My wife is a visual arts teacher, and would be interested in working, but is unsure how easy it would be to find work.
I do not want to spend all my days in the car between work and home, so would need to live near to KV.

Happy to hear any advice/suggestions, final contract negotiations are this week.


----------



## Shauny (Oct 10, 2007)

Hi there, hope you are ok

I have just accepted a position in Dubai and start early next year.

i work in the Construction Industry so the pay roles are slightly different however the housing allowance you have been quoted is roughly the same as mine, however i am on my own but most people i have spoke to have said you can get a nice place for about 6000dh which will leave you a bit for gas water electric food etc. 

Education allowance i cant help you on sorry.

I havent sorted out my accomodation yet mainly because i still dont know where to look as i dont know the good/bad areas

hope this is of some help


----------



## schreens (Nov 21, 2007)

Thanks Shauny,

I have since spoken with the company and have requested an increase across the board.
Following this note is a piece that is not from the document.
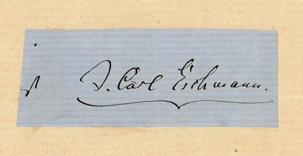 1 S. Kleines Visitkartenformat. Der Sohn eines Militärmusik-Kapellmeisters erhielt anfänglich Klavierunterricht bei Alexander Müller in Zürich und wurde 1845 am Leipziger Konservatorium Schüler von Felix Mendelssohn Bartholdy. "Seit 1847 war er in Zürich, 1850-59 in Winterthur Lehrer für Klavier, Harmonie und Komposition. Anschließend ging er nach Schaffhausen, wo er sich als Klavier- und Gesanglehrer betätigte und seit 1862 den Männerchor Schaffhausen leitete. 1866 ließ sich Eschmann in Zürich nieder und wirkte dort bis zu seinem Tod als Klavierlehrer. Er komponierte zahlreiche Chor- und Klavierwerke und veröffentlichte 1879 einen 'Wegweiser durch die Klavier-Literatur'" (DBE).

One of the issues that I have discovered is that in most cases you are required to pay your rent 12 months in advance.
Good luck kwith the construction job


----------



## Alkaz007 (Jan 10, 2008)

Guys,
Before I moved to Dubai I had no idea about costs, I just realised them when I arrived. A couple with 3 yrs old boy

1 bedroom small flat in Mall of Emirates area - 95.000AED (current price) 
Food bill per month - 2000AED per month (only grocery)
Utility bill - 600-700AED per month(including gov. tax???)
Nusrery - 2500AED per month.
Entertaiment - depends how you would like to party 
Gas/Petrol - around 600AED per month (light driving)

So you have some idea about costs now


----------



## Geordie Armani (Jan 24, 2008)

housing and education allowance below budget, you will need at least a 2 bed, currently 130 - 150k. Education - I pay 28,000 dhs a year for a three year old.


----------